In midst of recession, clothes retailers call on Ministry of Supply to start sale season early

Noha Abd ElRahman
3 Min Read

A state of recession hit the local clothes market this season, as winter clothes prices witnessed a surge after the floatation of the Egyptian pound last year, especially since most clothes on the market are imported.

In addition, winter clothes witnessed another surge this season on energy price increases, resulting in only about 10% of displayed clothes being sold, according to retailers.

As a result, most Egyptians preferred to buy only one piece of clothing this winter, in order to save money to spend on essential daily needs instead.

In this regard, Basma Ibrahim, a 24-year-old Egyptian girl, said the prices of winter clothes are very expensive this season, revealing that a jacket now costs EGP 400, in comparison to EGP 150 last year.

“I used to buy new clothes every season, but I bought only one jacket this winter,” she added.

In this respect, retailers called on the Ministry of Supply to start the general sale season in mid-January.

Yehia Zananiry, head of the ready-made clothes sector at the Federation of Egyptian Chambers of Commerce (FEDCOC), assured that consumer turnout is very low this season, confirming that only about 10% of available clothes have been sold.
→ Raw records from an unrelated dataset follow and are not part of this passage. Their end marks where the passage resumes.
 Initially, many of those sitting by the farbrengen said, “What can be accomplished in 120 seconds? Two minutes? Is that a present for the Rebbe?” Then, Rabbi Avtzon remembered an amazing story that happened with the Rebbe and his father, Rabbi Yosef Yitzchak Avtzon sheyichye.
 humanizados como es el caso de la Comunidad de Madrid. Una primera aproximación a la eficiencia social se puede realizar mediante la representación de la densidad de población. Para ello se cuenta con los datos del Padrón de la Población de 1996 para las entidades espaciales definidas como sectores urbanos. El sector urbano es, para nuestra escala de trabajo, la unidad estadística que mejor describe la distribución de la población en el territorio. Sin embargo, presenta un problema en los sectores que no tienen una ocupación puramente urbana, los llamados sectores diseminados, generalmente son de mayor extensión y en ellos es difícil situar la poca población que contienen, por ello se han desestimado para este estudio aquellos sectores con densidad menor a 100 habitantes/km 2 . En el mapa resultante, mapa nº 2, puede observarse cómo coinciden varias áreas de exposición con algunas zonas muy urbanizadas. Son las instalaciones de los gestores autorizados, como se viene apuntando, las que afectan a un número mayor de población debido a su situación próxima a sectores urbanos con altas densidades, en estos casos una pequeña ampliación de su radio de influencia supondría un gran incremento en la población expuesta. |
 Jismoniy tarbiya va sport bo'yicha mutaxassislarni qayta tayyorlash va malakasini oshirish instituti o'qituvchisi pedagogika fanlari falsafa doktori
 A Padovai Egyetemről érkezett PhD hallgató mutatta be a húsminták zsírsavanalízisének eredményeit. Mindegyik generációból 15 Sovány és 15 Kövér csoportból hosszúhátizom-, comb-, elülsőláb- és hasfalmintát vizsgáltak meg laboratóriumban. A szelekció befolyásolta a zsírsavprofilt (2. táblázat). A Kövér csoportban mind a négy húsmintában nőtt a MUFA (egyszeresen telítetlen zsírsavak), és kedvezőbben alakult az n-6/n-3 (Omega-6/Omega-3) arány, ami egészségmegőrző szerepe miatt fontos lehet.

“We hope that sales may increase during the general sale reduction”, he added, noting that retailers called on the Ministry of Supply to begin the sale season in mid-January, instead of starting it in early February.
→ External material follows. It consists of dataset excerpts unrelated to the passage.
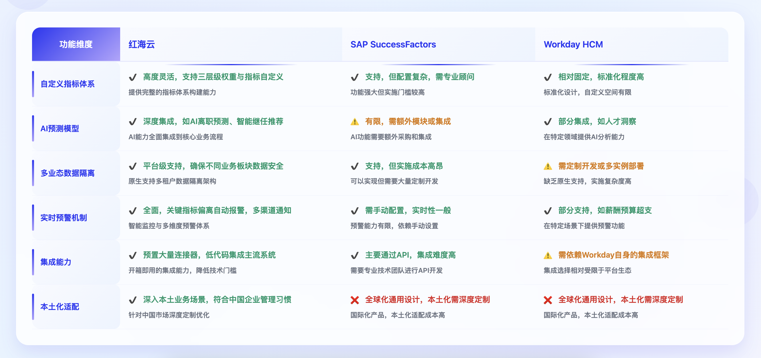 在HR数据分析领域,市场上存在多种成熟的产品,如SAP SuccessFactors、Workday HCM、红海云、Oracle HCM Cloud等。它们各有侧重,但通过对比我们可以清晰地看到不同产品的特点。
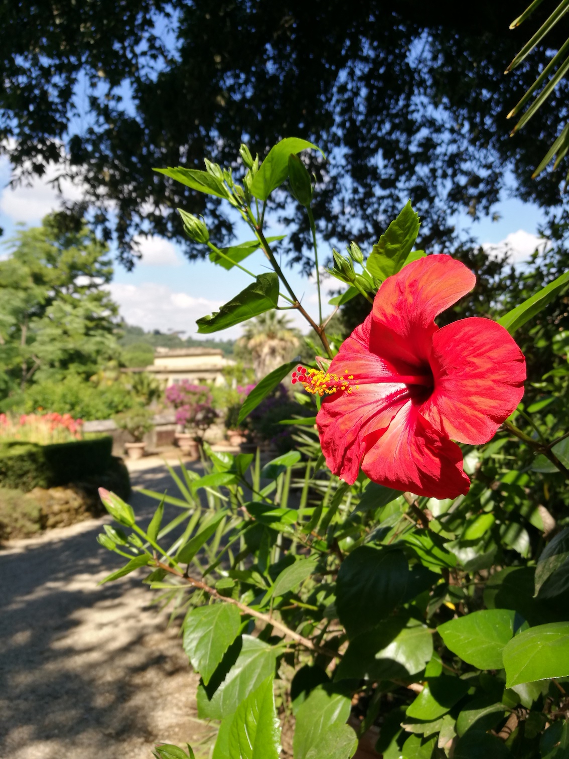 Between the evergreen hedges and in the geometric-shaped flowerbeds in the Upper Botanical Garden are the tropical plants, like this gorgeous specimen of Hibiscus rosa-synensis. Already in the 18th century, this sector of the Boboli Gardens was used as a Jardin Potager, that is, an area dedicated to the cultivation of exotic and rare plants.
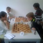 Nach der Mittagspause ging es gegen den klaren Favoriten Erlangen. Josef kam schon schlecht aus der Eröffnung und ließ dann noch eine Figur stehen. Denis hatte ebenfalls schon eine weniger und verschmähte obendrein den Rückgewinn. Später bekam er aber noch eine Qualität und auf einmal war die Stellung gar nicht mehr so klar. Als er aber seinerseits eine Qualität abgeben musste war gegen den gegnerischen Freibauern kein Kraut mehr gewachsen. Maria kam ausgezeichnet aus der Eröffnung und sammelte zwei Bauern ein. Sogar ein Dritter hätte hinzukommen können, aber sie traute dem Braten nicht und tauschte lieber die Damen. Nach zwei weiteren Ungenauigkeiten verflachte ihr Vorteil und sie konnte ihren Doppelbauer-Isolani nicht halten, wonach man sich auf Remis einigte. Daniel stand im Mittelspiel nach einem Bauernverlust schon schlechter, kam dann aber zu einem gefährlichen Angriff auf den langrochierten gegnerischen König. In sehr aussichtsreicher Stellung nahm er ein Remisgebot zum 1:3 Endstand an.
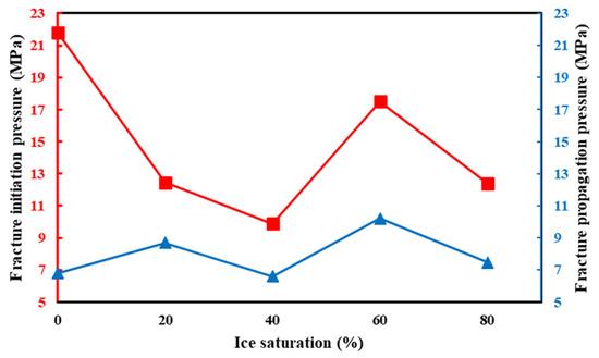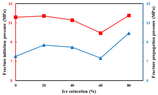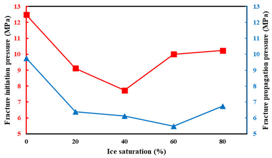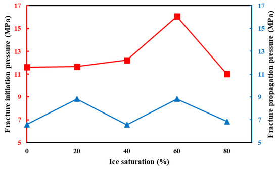 Relationship between fracture initiation and propagation pressure and ice saturation when η = 5.0 mPa·s.
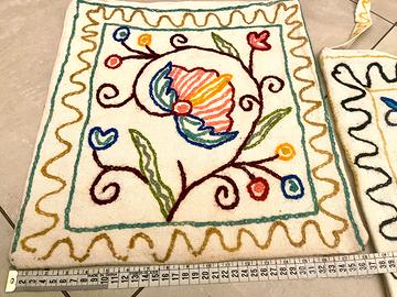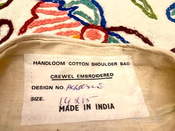 Bellissima Coppia di Nuove Originalissime Borse Etniche in robusto Tessuto (simil juta) mai utilizzate, interamente ricamate a mano complete di talloncino di provenienza cucito all’interno.Misure presenti in fotografia.
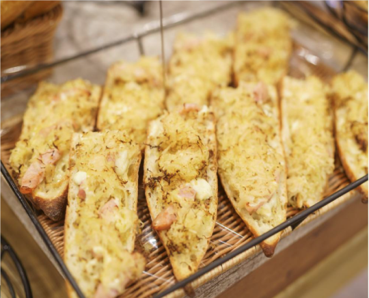 パンのおいしさに違いを出すために、スイートでは素材選びにこだわっています。例えば食パンには、北海道産の小麦粉を20~30%使用しております。また、できるだけ地元産の旬の野菜を使用しており、こだわりのひとつです。パン作りにおいてとても重要な「発酵」については、低温長時間で熟成させた生地を焼き上げたパンもございます。
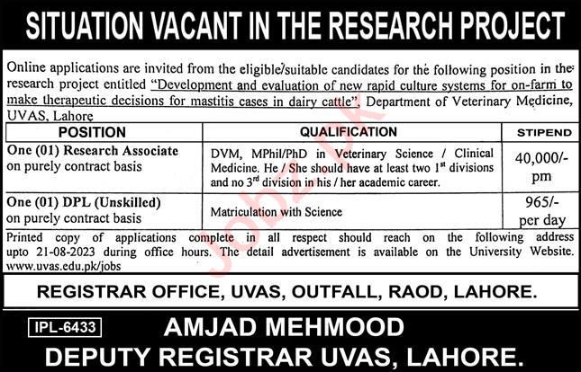 University of Veterinary and Animal Sciences UVAS invites applications for job positions advertised in daily Express dated 13 August 2023 for following vacancies in Lahore, lahore Punjab Pakistan.
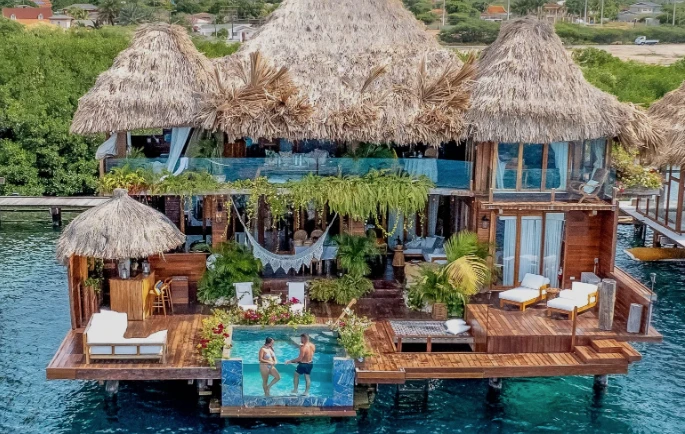 El resort redefine el concepto de lujo. Se trata de un exclusivo complejo de villas construidas sobre el mar, con estructuras de madera, techos de paja y una estética orgánica que se funde con el entorno.

“This may give consumers enough time to buy more clothes,” he illustrated, adding that the ministry will respond to their demand within a few days, asserting that it usually agrees to their demands.

Moreover, he revealed that some clothes shops have already individually started their own sales.
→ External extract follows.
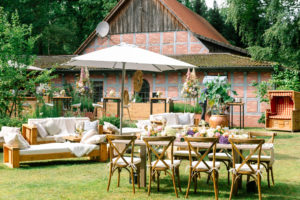 „Bei einer Gartenhochzeit gibt es sehr viel zu beachten und zu organisieren“, verrät Nadine Metgenberg, Gründerin und CEO von „Fine Weddings & Parties“, einer der wohl exklusivsten Hochzeitsagenturen Deutschlands. „In erster Linie braucht man etwas ganz Wesentliches: Strom!“ Wie viele Stromquellen sind nötig und wo werden sie angebracht? Wir übernehmen diese Herausforderung gerne! Schließlich wäre ein Stromausfall am großen Tag der Gartenhochzeit nicht gerade erstrebenswert. Und noch ein weiteres Grundbedürfnis muss erfüllt werden: „Man sollte sichergehen, dass genügend Toiletten zur Verfügung stehen. Ebenso sollten reichlich Parkplätze vorhanden sein. Alternativ bietet sich ein Shuttleservice an.“ Auch das, so die Expertin, überlässt man im besten Falle einem Profi. Das spart eine Menge Stress!

As for clothes prices, Al-Zananiry affirmed that they have not doubled this season, noting that they have only inched up about 10-15%, due to practical reasons such as energy price increases.

“Clothes prices doubled during the previous winter season after the floatation,” he highlighted, illustrating that imported clothes prices rose 150%, while local clothes increased about 80%.

In this context, Tamer Awad, an Egyptian young man, assured that the cheapest jacket for men is now about EGP 600 and a lot of jackets are sold at EGP 1,000.

As a result, he revealed that this season he bought only a vest for EGP 200.

“It is not a big problem to let my arms suffer from coldness,” he said mockingly.

Awad added that the Attaba area has become Egyptians’ refuge from the increasing prices of winter clothes, as clothes there are sold at reasonable prices in comparison to prices in Downtown.

“Moreover, many people now resort to clothes that are sold on footpaths because they are at suitable prices,” he highlighted.